A stochastic quasi-classical wavefunction of the Universe from the third quantization procedure

TL;DR

This paper demonstrates that solutions to the Wheeler-DeWitt equation for a closed universe with a cosmological constant exhibit quasi-classical behavior at large scale factors, linking quantum wavefunctions to classical cosmological states.

Contribution

It introduces a stochastic quasi-classical wavefunction approach derived from third quantization, connecting quantum solutions to classical cosmology and providing a potential boundary condition for the WdW equation.

Findings

Wavefunction behaves as a random quasi-classical field at large scale factors.

Statistical properties of the wavefunction relate to the Hartle-Hawking wavefunction.
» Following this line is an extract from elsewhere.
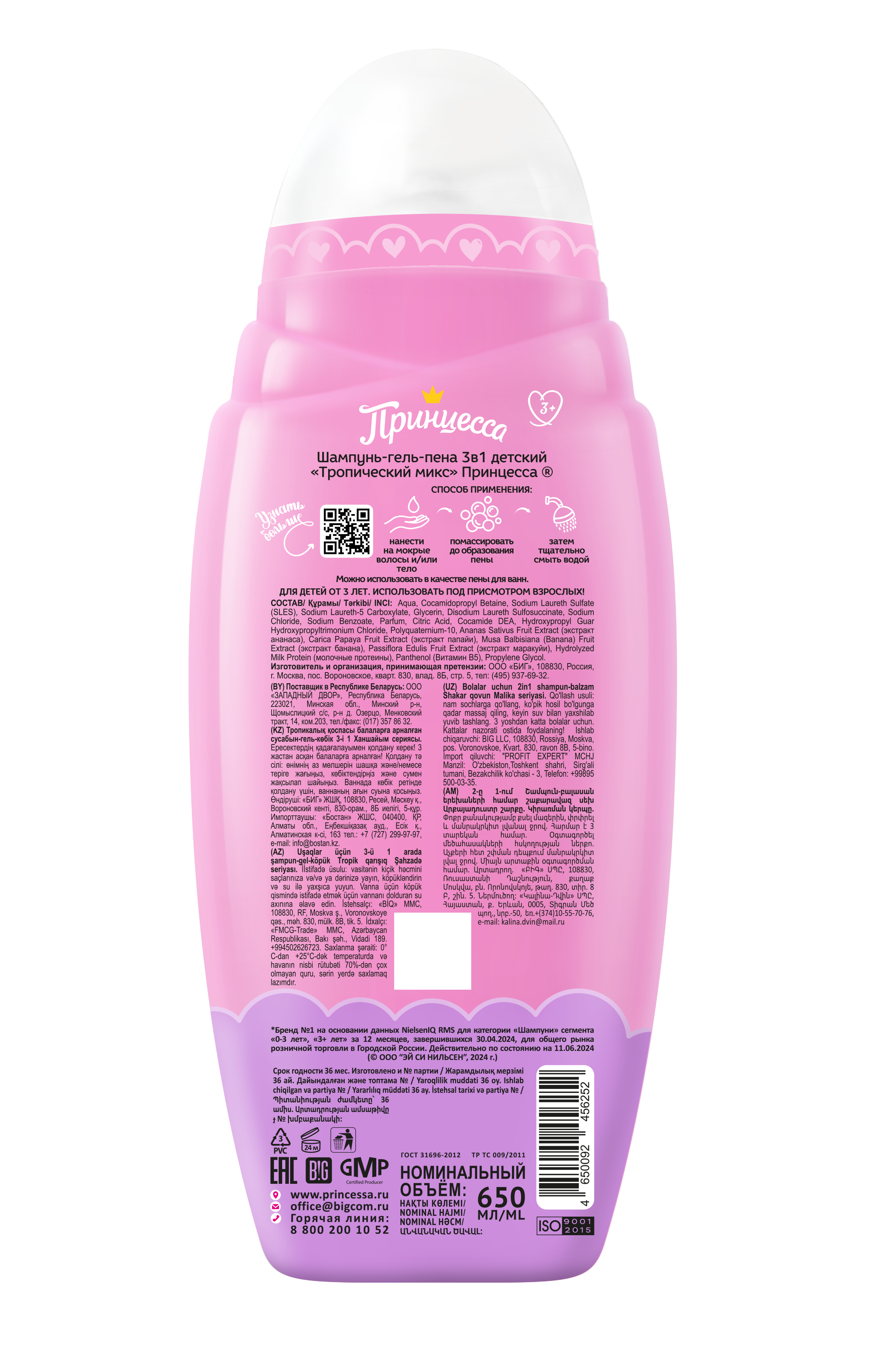 Серия Принцесса «Выгодный объем 650мл» - это отличные средства с экстрактами ягод и фруктов, с провитамином В5 и молочными протеинами для мытья волос и веселого купания озорной Принцессы! Сочные фруктовые ароматы – дыньки, яблочка и тропических фруктов подарят прекрасное настроение на целый день!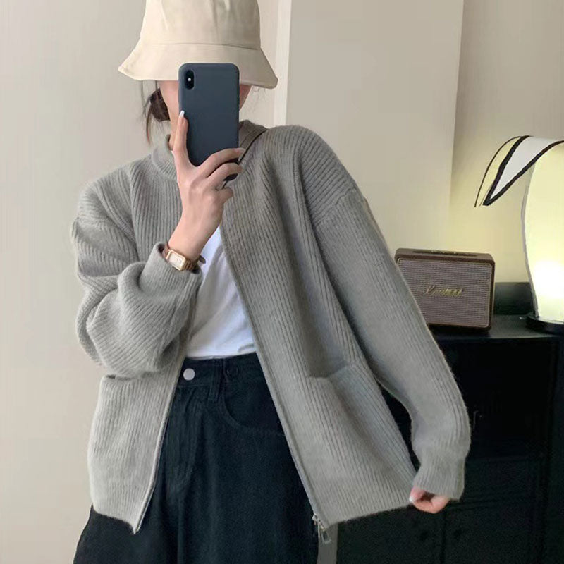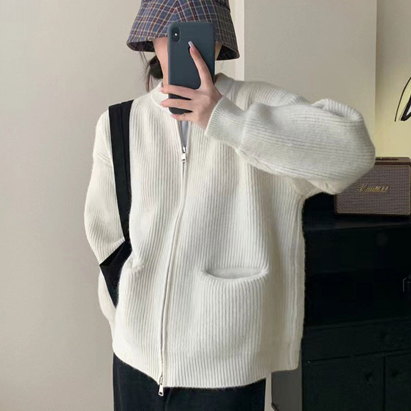 Package Include: 1 * Women's Knitted Round Neck Double Zip Coat

Density matrix describes a mixed state with a probability distribution over field velocities.

Abstract

(abbreviated) We study quantized solutions of WdW equation describing a closed FRW universe with a $\Lambda $ term and a set of massless scalar fields. We show that when $\Lambda \ll 1$ in the natural units and the standard $in$-vacuum state is considered, either wavefunction of the universe, $\Psi$, or its derivative with respect to the scale factor, $a$, behave as random quasi-classical fields at sufficiently large values of $a$, when $1 \ll a \ll e^{{2\over 3\Lambda}}$ or $a \gg e^{{2\over 3\Lambda}}$, respectively. Statistical r.m.s value of the wavefunction is proportional to the Hartle-Hawking wavefunction for a closed universe with a $\Lambda $ term. Alternatively, the behaviour of our system at large values of $a$ can be described in terms of a density matrix corresponding to a mixed state, which is directly determined by statistical properties of $\Psi$. It gives a non-trivial probability distribution over field velocities. We suppose that a similar behaviour of $\Psi$ can be found in all models exhibiting copious production of excitations with respect to $out$-vacuum state associated with classical trajectories at large values of $a$. Thus, the third quantization procedure may provide a 'boundary condition' for classical solutions of WdW equation.